Optimization skills serve the second population. Improvement journey.

They don’t overlap. We need both. This doc proposes a unified spec so future skill authors aren’t choosing between two conventions.

The two user journeys, in detail

Journey A: “I want to build an agent for my use case”

Entry point: a coding agent (Claude Code, Cursor, Codex, OpenCode) opened inside a freshly installed NeMo Platform repo. The user has just run make bootstrap and nemo setup in their shell.

What they care about:

Going from a fuzzy idea to a working, testable agent in their preferred coding agent.
Not having to read every doc.
The CLI telling them what to do next at every junction, not dumping them at a chat playground.

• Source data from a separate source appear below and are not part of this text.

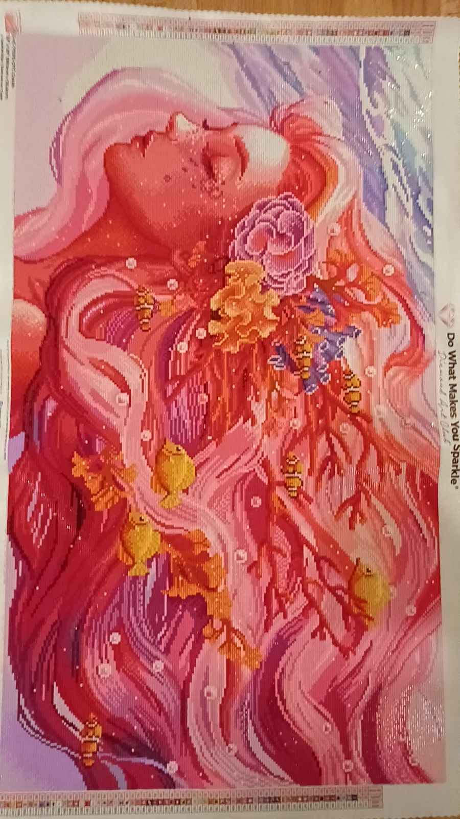 She’s lovely! This is a large canvas at around 88cm x 50cm, but it’s amazing. Love all of the little clownfish and yellow tangs swimming around her.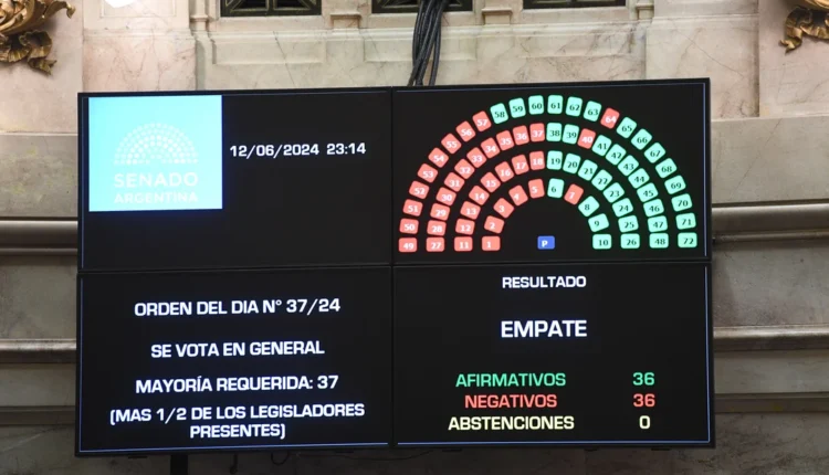 El Senado Ley de Bases aprobó este miércoles por la noche la ley de Bases en general con 37 votos positivos contra 36 negativos, tras el desempate propinado por vicepresidenta de la Nación y titular del cuerpo, Victoria Villarruel, en medio de un clima de tensión dentro y fuera del recinto.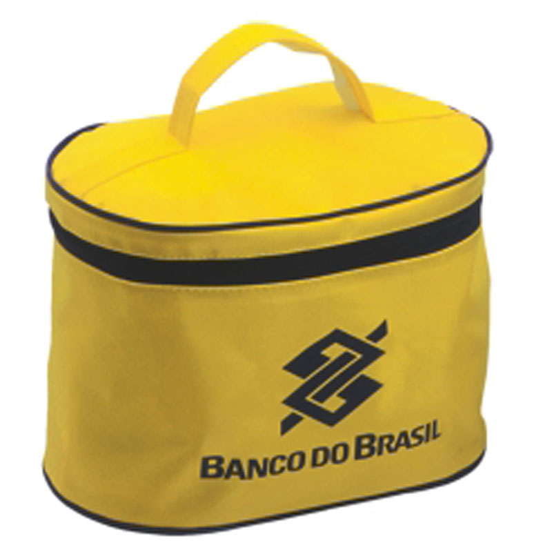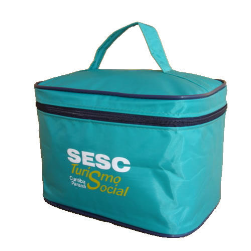 Nécessaire em poliéster 600 com alça de mão vivo e zíper, medidas 22 x 14 x 12 cm. Gravação serigrafia em 1 cor.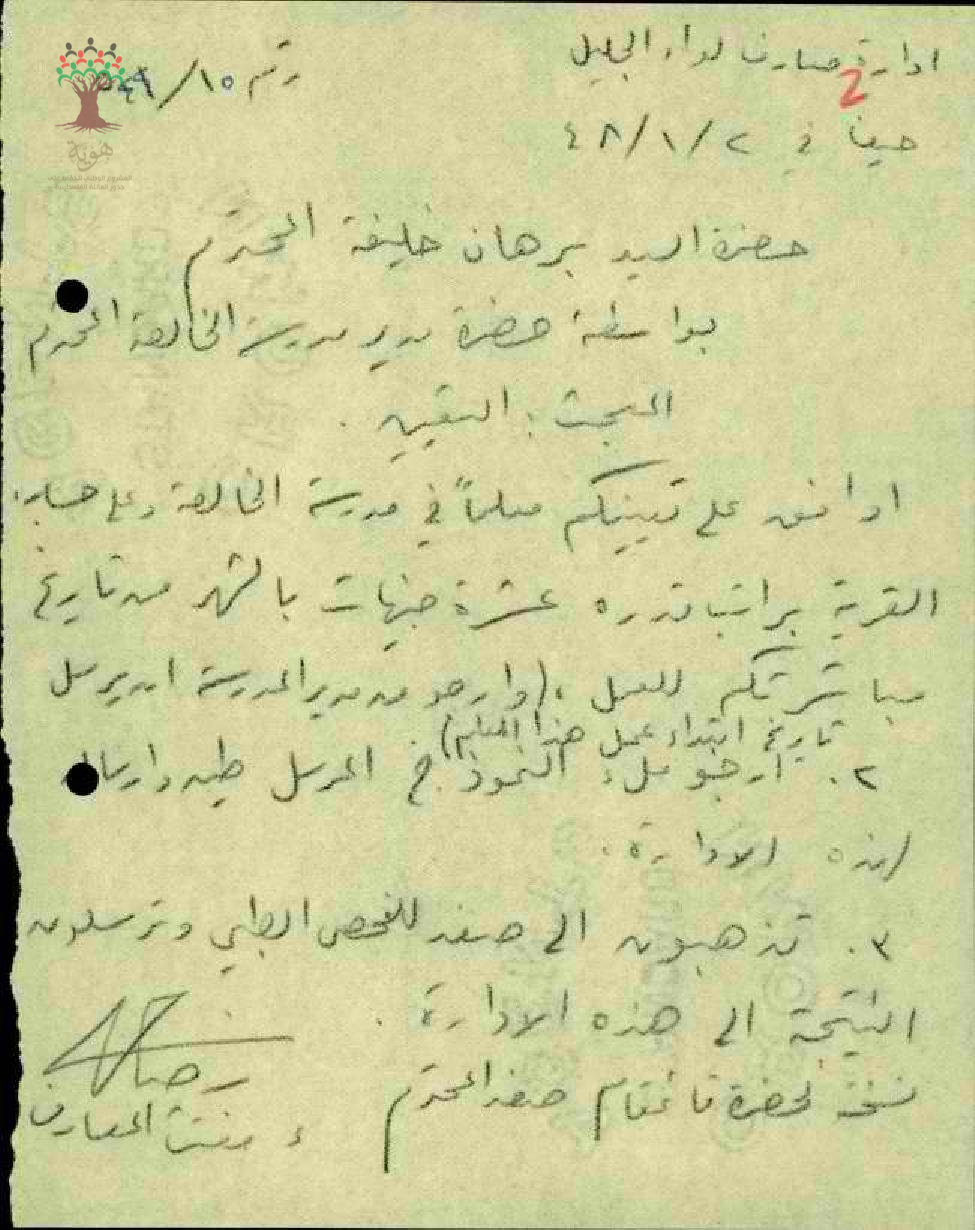رسالة من مفتش المعارف إلى المعلم برهان خليفة يخبره بموافقته على تعيينه معلماً في مدرسة الخالصة على حساب أهل القرية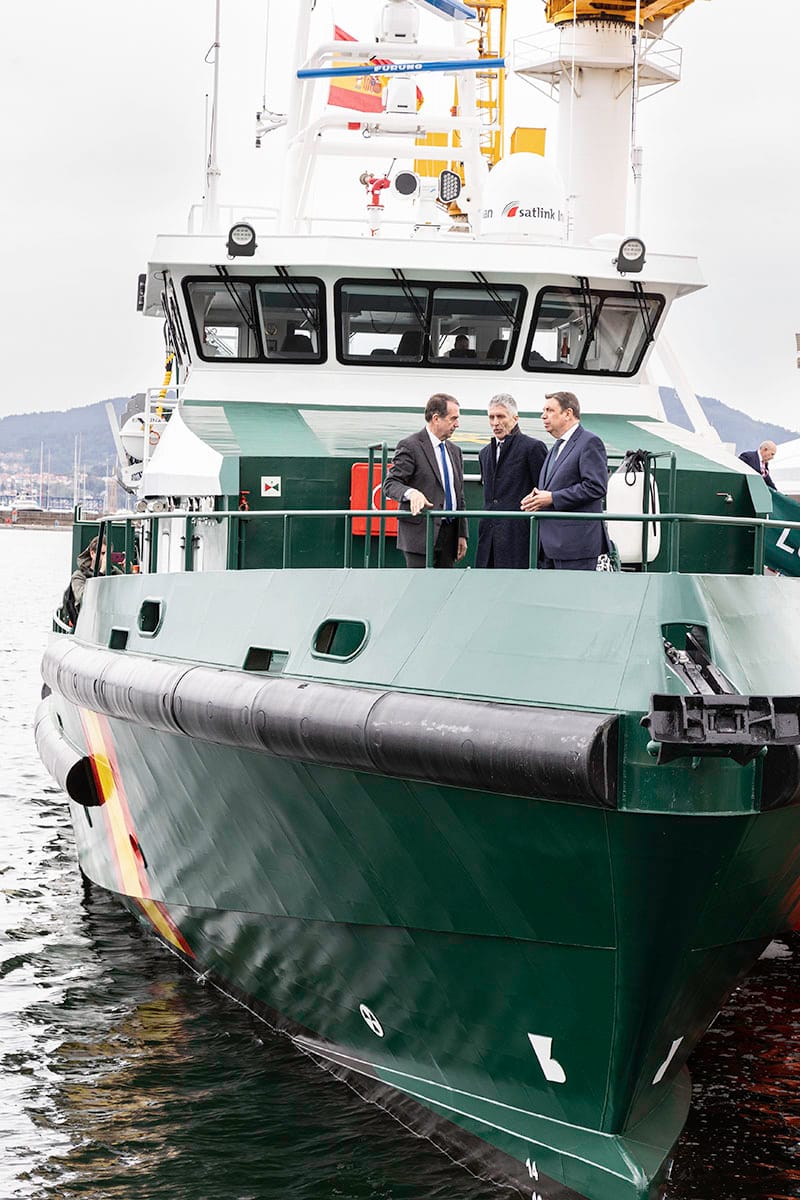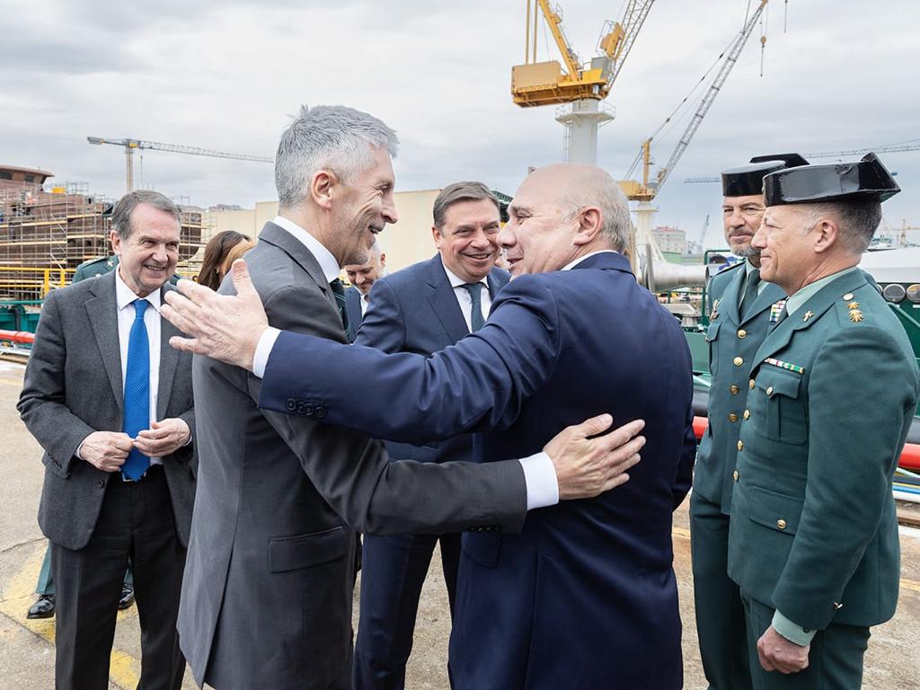 Los ministros de Agricultura, Pesca y Alimentación, Luis Planas, y del Interior, Fernando Grande Marlaska, han presidido hoy en el puerto de Vigo el acto de entrega a la Guardia Civil de la última de las cuatro patrulleras de nueva construcción, bautizada como “Río Luna”, que se van a destinar a labores de inspección pesquera.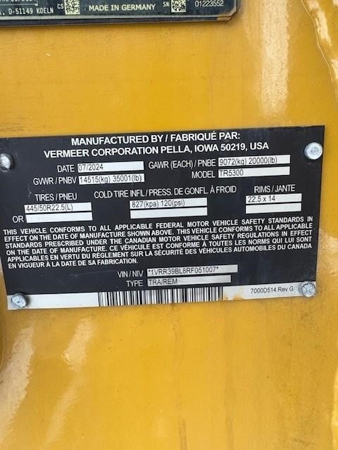 2024 Vermeer TR5300 Trommel 34hrs, radio remote, 25' conveyor, located at our Windsor location.

What they don’t care about:

The platform’s internal architecture.
Optimization theory.
Which microservice does what.

The skills that serve them:

Step	Skill	What it does
1	`nemo-skill-selection`	Router: parses natural-language intent, picks the right downstream skill
2	`nemo-explore`	Design conversation: captures goal, audience, tools, constraints
3	`nemo-spec`	Writes the design to `agents/<name>-spec/AGENT-SPEC.md`
4	`nemo-build-agent`	Scaffolds NAT workflow YAML and deploys
5	`nemo-try-agent`	Sends queries to the deployed agent
6	`nemo-status`	Read-only platform health dashboard
7	`nemo-teardown`	Guided shutdown

Where this journey breaks today (post-install CTA): after nemo setup finishes, the CLI tells the user to chat with the built-in calculator agent. That’s the wrong handoff for Journey A: the user came here to build their agent, not chat with someone else’s. The CTA should be goal-oriented (“what do you want to build?” or “ask me to design an agent for X”). The CLI is the journey transition point, not the README. Most users never read the README all the way through.

Journey B: “I have an agent. Make it better.”

Entry point: a coding agent opened inside a NeMo Platform repo where they have a deployed agent. Metrics aren’t where they want them.

What they care about:

Knowing what kinds of optimization exist and when each applies.
A reproducible loop (baseline → analyze → suggest → apply → re-evaluate → promote).
Honest measurement: did the change actually help, or did I imagine it?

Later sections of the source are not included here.